Russ Donnici, president of Mechanical Air Service Inc., San Jose, Calif., said he is very concerned about the ACA and the impact it will have not only on his business, but also on people’s lives.
“We avoided the initial impact of Obamacare by renewing our plan a month early, but next year we will have to deal with it — unless things change,” Donnici said. “We provide medical for our employees, even for part-timers.
“Another issue that few are talking about is the 40 percent excise tax coming in a few years on what they call ‘Cadillac’ medical plans. Our plan is considered a Cadillac plan, and we do this to attract good employees. The tax will penalize us for doing something good.”

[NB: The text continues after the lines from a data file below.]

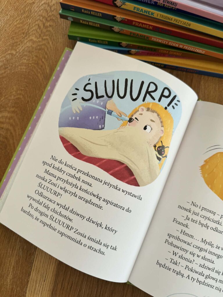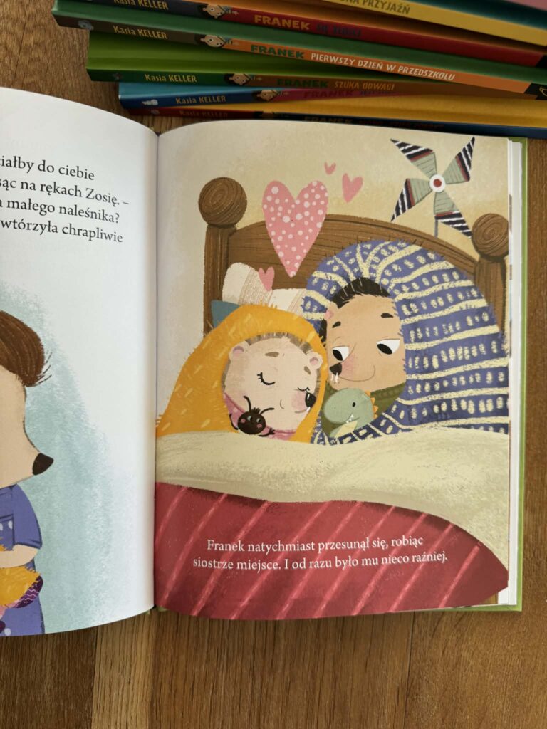 Te książki mają jeszcze jedną ogromną zaletę – ich bohaterowie to zwierzęta. I to naprawdę robi różnicę. Dziecko nie czuje się oceniane, nie ma wrażenia, że ktoś pokazuje mu palcem: „to ty”. Zamiast tego dostaje bezpieczną przestrzeń: „hej, Franek też tak ma”. .
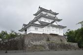 | 初登城。 小田原駅から城に向かう途中、偶然に、謙信や信玄が攻め寄せたらしい幸田門跡を発見。土塁跡を辿り、細い階段から郵便局の裏手に降りて国道1号に出た。 大手門跡の鐘楼を見て、馬出門〜馬屋曲輪〜銅門から二ノ丸に入城し、小田原城歴史見聞館でスタンプ押印。 天守は工事中と知っていたが、足場はもう撤去されており、外観は十分楽しめた。 天守に登れなかったのは少し残念だったが、代わりに城の西方、八幡山古郭東曲輪に登って、城と小田原の街と相模湾を眺める。この日は天気が今一つだったが、いい眺めだ。晴れていたら最高だろう。 |
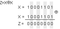 В програмирането на асемблерен език много често логическата операция NEQ от еднакви операнди (XÅX) се
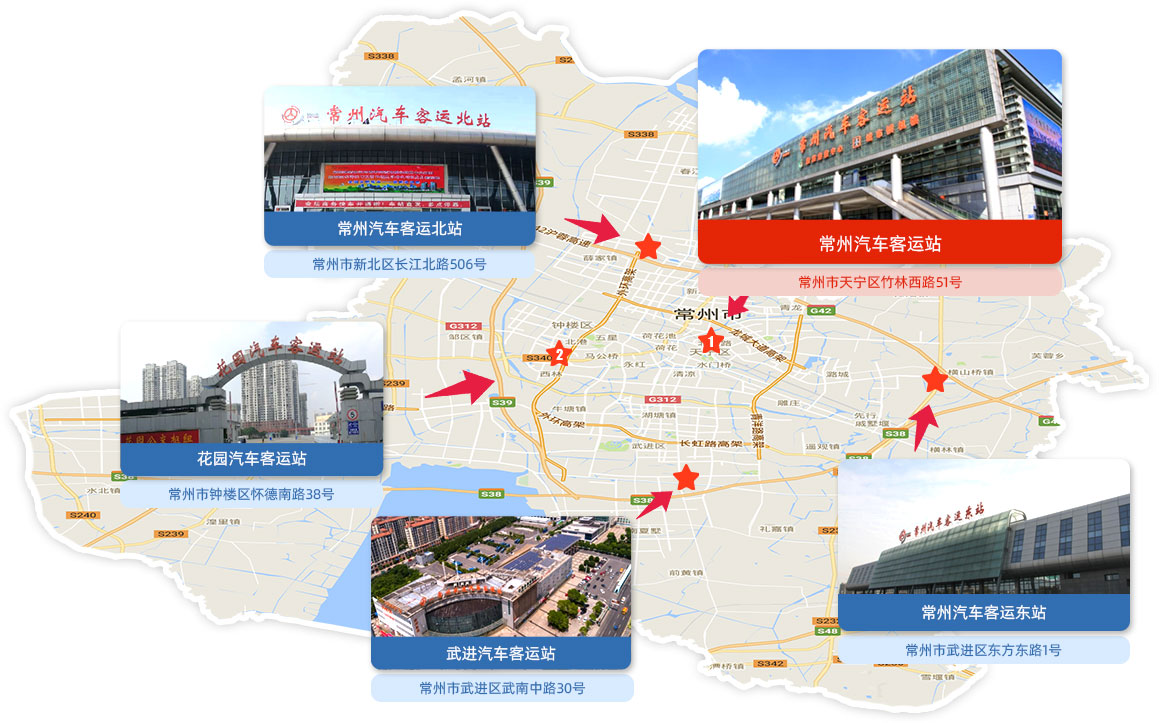 常州汽車客運(yùn)站于2010年建成,地處常州北大門,是集高鐵、地鐵、公交為一體的綜合樞紐客運(yùn)站。車站擁有11000平方米的候車、售票廳和32600平方米停車場,內(nèi)設(shè)售票窗口5個,檢票窗口30個,是常州地區(qū)最大的公路客運(yùn)站。
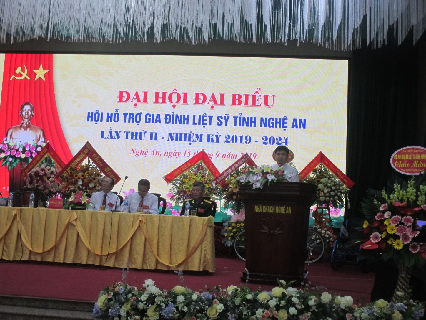 VNHN - Sáng nay (15/9), tại Hội trường Nhà khách Nghệ An (số 4 Phan Đăng Lưu, TP Vinh), Hội Hỗ trợ gia đình Liệt sỹ tỉnh Nghệ An tổ chức Đại hội đại biểu lần thứ 2, nhiệm kỳ 2019 - 2024.
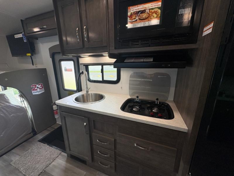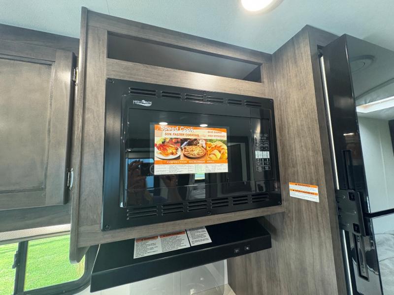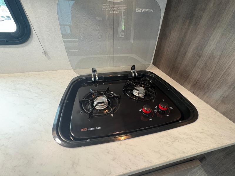 This coach will feel a little more like home with its spacious interior thanks to the U-shaped dinette slide! You can dine here, play games, and even let guests sleep here. There is additional sleeping space in the cab-over bunk and the rear corner 60" x 74" queen bed. The rear corner bath includes the 24" x 32" shower and foot flush toilet, and the stainless steel bath sink is just outside this room so two people can freshen up at once. You will find everything you need to cook meals each day, including a two burner cooktop with a flush cover, a convection microwave, plus a 10 cu. ft. 12V refrigerator to store perishables.
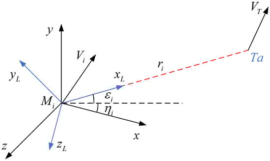 The relative motion model of the missile and the target under the 3D inertial coordinate system is shown in Figure 1. denotes the inertial reference frame and is the LOS frame. and denote the i-th missile and the maneuvering target, respectively. is the distance between the i-th missile and the maneuvering target along the LOS direction. and denote the LOS elevation and azimuth angles, respectively.

Donnici went a step further, saying that members of Congress should be forced to use the government health care exchanges. He asked, “Why should they be exempted from Obamacare if it’s so great?”
Wait and See
Industry leaders agree that predicting what the current Congress will do in 2014 is nearly impossible, and that many things remain uncertain in 2014, just as they were in 2013. And with midterm elections coming up in the fall, Melchi added it is “very likely that, once we get to the summer, there won’t be any substantial pieces of legislation through Election Day.”
McCrudden added that many regulatory issues are also likely to come to a head this year, including regional standards. “We’re watching the courts, Congress, and the regulatory bodies,” he said. “It’s an interesting list.”
Ultimately, uncertainty is the word of choice when summing up 2014, Melchi said.
“Depending on how things shake up, you’re looking at a lame-duck session, and we don’t know what will get done in that session until after the elections take place. We could see a year where there’s not a whole lot that goes on until the end of the year, or maybe not. Nobody likes the end-of-the-year flurry of activity, but that’s kind of the way things have been working out lately.”